◆ **Exercise description**:
All lines in the records below from the line with "Road to Capulin" through the line with "Two International conferences" are to be given again exactly, both ends included; the pictures are to be left out.

◆ **Data supplied**:
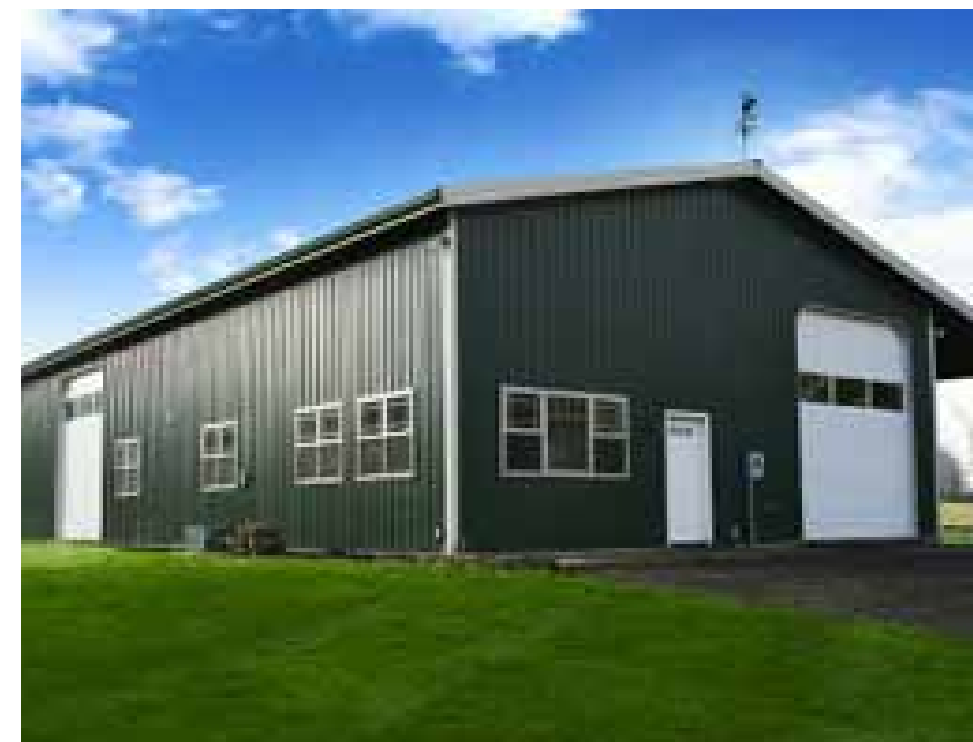
Light industry north of Ogulin Canyon
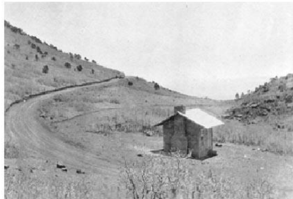
Road to Capulin Valcano Capulin, Union County, New Mexico c. 1916
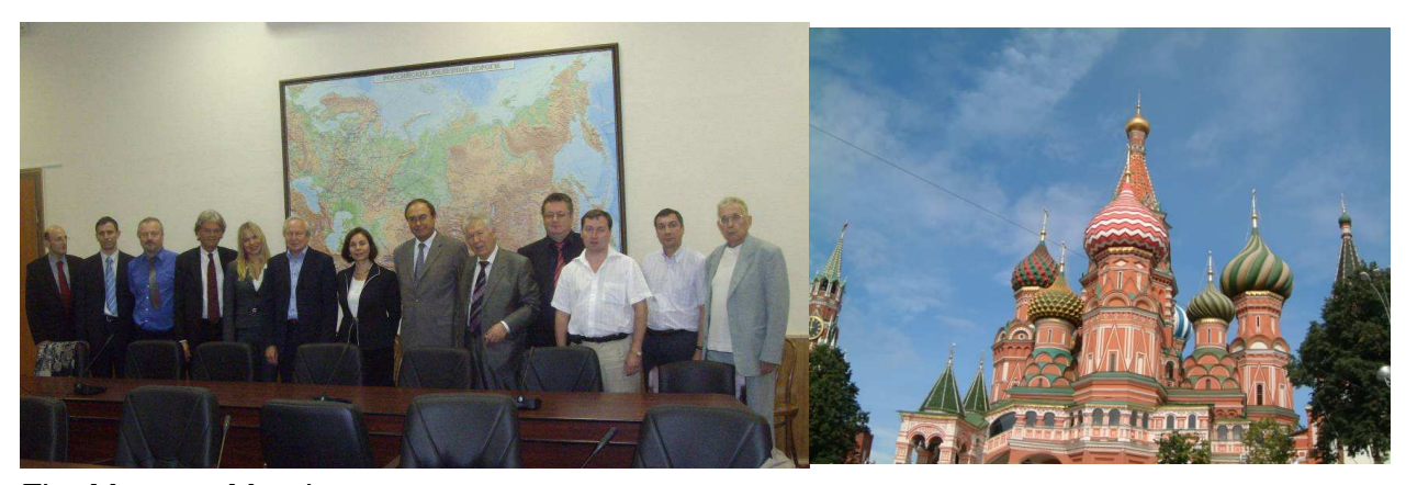
Fig. Moscow Meeting

Two International conferences were organised by the Moscow State University of Railway Engineering (MIIT). The first conference took place on August 27/28, 2009 and the second one within a National Information Day with EC on September 23, 2009 at Petersburg State University of Transport (St. Petersburg).
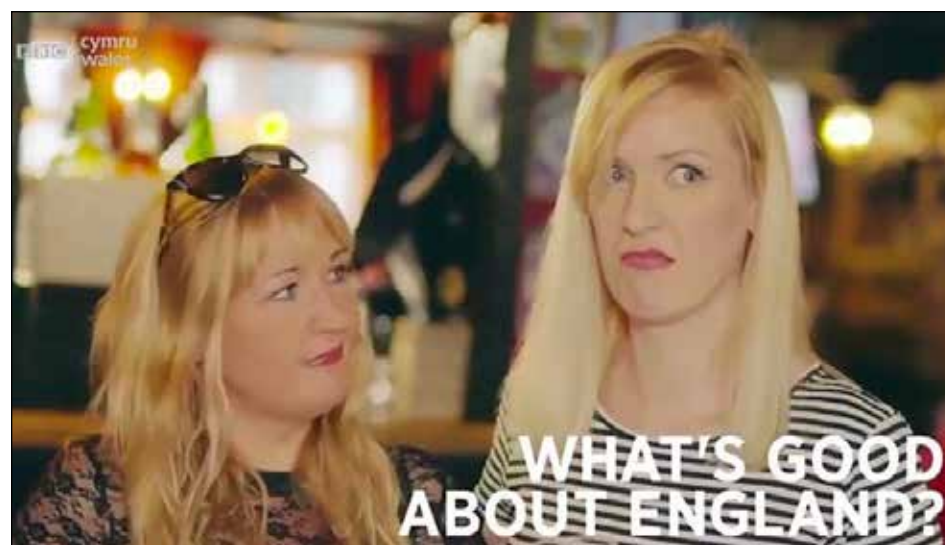
WHAT'S GOOD ABOUT ENGLAND? cue blank stares in the Six Nations ad which caused quite a stir in the UK this week

trailers are seen as a bit of a wind-up and go down well with Wales viewers.

◆ **Result of the exercise**:
Road to Capulin Valcano Capulin, Union County, New Mexico c. 1916
Fig. Moscow Meeting

Two International conferences were organised by the Moscow State University of Railway Engineering (MIIT). The first conference took place on August 27/28, 2009 and the second one within a National Information Day with EC on September 23, 2009 at Petersburg State University of Transport (St. Petersburg).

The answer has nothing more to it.